How LLMs Are Trained

The previous lecture covered what LLMs do — predict the next token using attention over a finite context window. This lecture addresses the equally important question: how did they learn to do it? The answer turns out to be one of the most practically useful things an agent developer can understand, because the training process directly explains the specific, predictable ways LLMs behave. Once you understand how LLMs were trained, you can anticipate their strengths, weaknesses, and quirks — and design agents that account for them.

The Three-Stage Training Pipeline

Commercial LLMs are built through a three-stage process: pre-training, instruction tuning, and reinforcement learning from human feedback (RLHF). Each stage shapes the model's behavior in distinct and predictable ways.

Stage 1: Pre-Training

Pre-training is the foundation. The model reads an enormous corpus of text — a significant portion of the publicly available internet, plus books, journals, and other digital text — and learns to predict the next token. It performs this prediction billions of times across trillions of tokens. By the end, the model's weights encode the patterns, knowledge, and style of that training data.

The key insight is straightforward: the model's behavior is a reflection of its training data. Not of intelligence. Not of understanding. Of patterns in the data it was trained on. Once you internalize this, many LLM behaviors that seem mysterious start making perfect sense.

Why LLM Prose Is Dramatic

People write differently on the internet than they speak in conversation. Blog posts, articles, and social media are written to grab attention — sensational, emphatic, emotionally charged.
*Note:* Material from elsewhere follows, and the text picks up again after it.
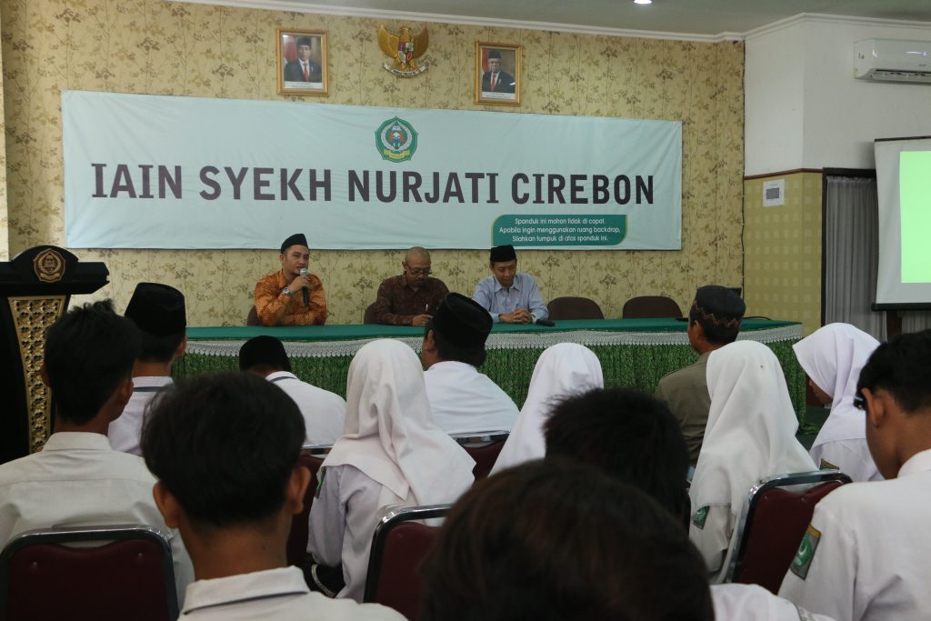 Institut Agama Islam Negeri (IAIN) Syekh Nurjati Cirebon menerima kunjungan dari Madrasah Aliyah (MA) PUI Kertasmaya Indramayu mengunjungi kampus Institut Agama Islam Negeri (IAIN) Syekh Nurjati Cirebon, rombongan langsung disambut oleh Dr. H. Saefudin Zuhri, M.Ag (Warek I), didampingi oleh Kamalul Iman Billah, S.Ag., M.A., M.Ak. (Kabag Akademik dan Kemahasiswaan) beserta pegawai staff jajarannya di aula gedung rektorat lantai 3. Rombongan dari MA PUI Kartasunya Indramayu berjumlah sekitar 100 siswa terdiri dari 35 siswa dan siswi yang didampingi oleh Latiful Khoir, S.Pd.I (Wakil Kepala Kurikulum MA PUI) dan pendamping lainnya. Tujuan kunjungan ini adalah untuk meberikan wawasan kepada siswa-siswi tentang kampus IAIN Syekh Nurjati Cirebon sehingga siswa-siswi tertarik untuk belajar dan meningkatkan prestasinya yang diharapkan nantinya bisa meneruskan pendidikannya ke bangku kuliah, khususnya masuk ke IAIN Syekh Nurjatio Cirebon. Selasa (4/2/2020).

The internet rewards attention-grabbing language. When an LLM generates text, it draws on these patterns. The slightly breathless tone, the overuse of words like "crucial," "revolutionary," and "game-changing" — that is the internet's voice, absorbed during pre-training.

The LLM is not excited. The training data was written by people who were trying to get clicks.

Why LLMs Are Good at Code

LLMs are remarkably capable at writing code, and the reason is that the training data for code is exceptionally well-structured. GitHub and other open-source repositories contain millions of public codebases — working code, written well enough that someone published it.

But it goes deeper than the code itself. GitHub also contains issues, pull requests, commit messages, and code reviews. An issue describes a problem in natural language. A commit or pull request provides the code that fixes it. This amounts to millions of examples of a human-written prompt paired with the code that solves it — which is exactly the task we ask LLMs to perform.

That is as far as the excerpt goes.